I’ve been hoping that money would be in my account every day for a week. A couple of weeks back, I lent Mark a hundred pounds to put on a fight he knew the outcome to. The plan was, he knew the outcome and I had the money. Simple, at worst I lose all the money I have in the world, at best? I get 50%. I haven’t heard from him since the fight went his way. I saw that on Facebook. I called Mark twice, and both times, straight to voicemail.

“And when that doesn’t work out?”  Casey asked with a smile.

“It’ll work out, I’ll make it work out.”

“Just hear me out, alright? You don’t have to take my help.”

“I’m listening.”

“You can take this car, and drive there.”

“Case you need your car.”

“No I don’t, it’s London. I can get everywhere on the tube. Also I’m giving you another advance. £2000. That should cover expenses on this article, since I really want this story. I also want three more articles after this. Click-bait if they have to be.”

“No, that’s too much. I already took enough of your money. I’ll get you this article and that’ll be the end of it. I don’t think I’m cut out for this kind of work. This is the end. I need to sort my life out and waiting for this job to happen isn’t working.”

“Chris. You’re a good writer. You just need to focus on actually writing. I’ve read your articles. They’re good, that’s why I want you to do this.”

“You don’t need to butter me up any more, I already agreed to help you. But this is the end of it. I don’t want to do this any more. I need to get a better job and actually start living.”

“Okay, just take this money. I’ve already sent it to your bank. Take the car as well. At least then you can get there quickly.”

“I can’t, Case. I’m not insured.”

“Don’t worry about it, I added you on the insurance for the week.”

“Jesus, Casey you don’t quit. That crap’s expensive. I can’t believe you did that.”

“Don’t worry about it, it’s nothing. I wanted you to get this story for me. It’s important. Only you can do this one, and I look after my writers, my friends.”

“What’s so important about this story? So what if there’s a suicide. There’s nothing else to go on.”

“There has to be something. It’s not just that there’s a suicide, there hasn’t been any reported crime there in a decade. No peep from the town. I can’t even find people who live there on the internet. Just this one guy, who works at Holy Trinity, who says they will only talk to you.”

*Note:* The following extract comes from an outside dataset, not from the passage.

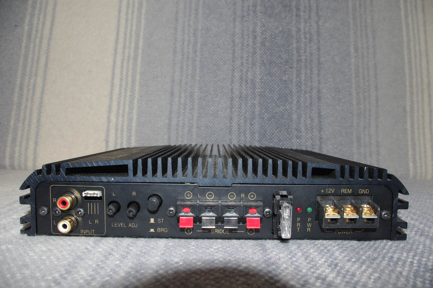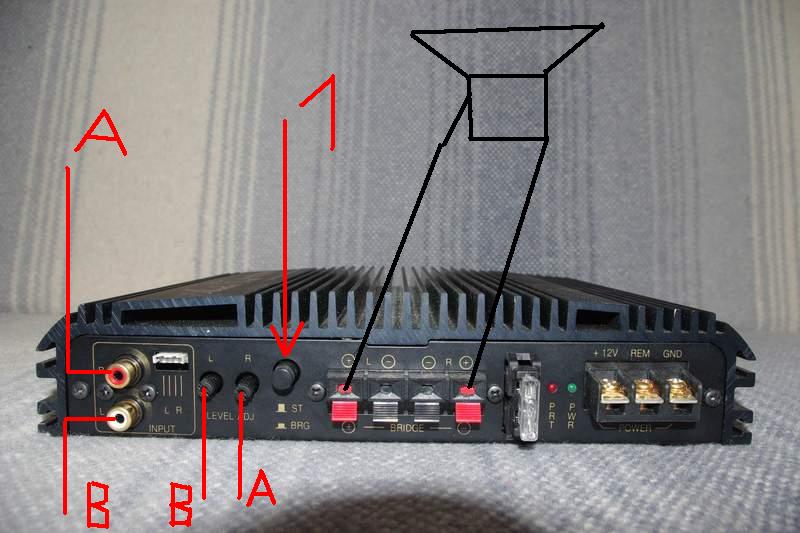 uzyskujemy pracę w mostku i wówczas wzmacniacz w trybie BRIDGE powinien"zbierać" niejako sygnał mono z jednego chincha. W przeważającej ilości spotykanych przeze mnie wzmacniaczy taki układ zrealizowany jest na wejściu kanału prawego czyli naszego wyrysowanego "A" i ... teoretycznie powinien reagowac na odpowiedni potencjometr . Dziwi mnie , że producent tego nie zaznaczył .

“How did they know about me? Who are they?”

“You’re probably not going to like this. It’s Ryan Campbell. He read one of your articles.”

That’s a name I hadn’t heard in years. If I wasn’t already having second thoughts, I definitely was now after that bombshell. Little Campy’s brother. So many doors I didn’t want to reopen. My legs start shaking and turn to jelly. I can’t do this. Simple. That’s the end of it.

“No,” I whisper. “I can’t do this. Send someone else if you really think there’s a story. I just can’t do it.”

“Christian, please. You owe me. You think you can’t do this, but I know you can. I believe in you. I know you can do this. Trust me. It’ll do you good to go back there. Resolve some problems.”

“I don’t want to go back there, I never want to go back there. You don’t know what you’re talking about.”

“Just get in the car, you can shout at me on the way. We need to get you some food, and God you stink. Then you can drop me off home, and make your way up there. You’re meeting Ryan at the hospital after his shift ends at eight. You can interview him then, and then make your way to Westmeadow. I didn’t organise you anywhere to stay, I thought you might have a preference. Come on, let’s go.”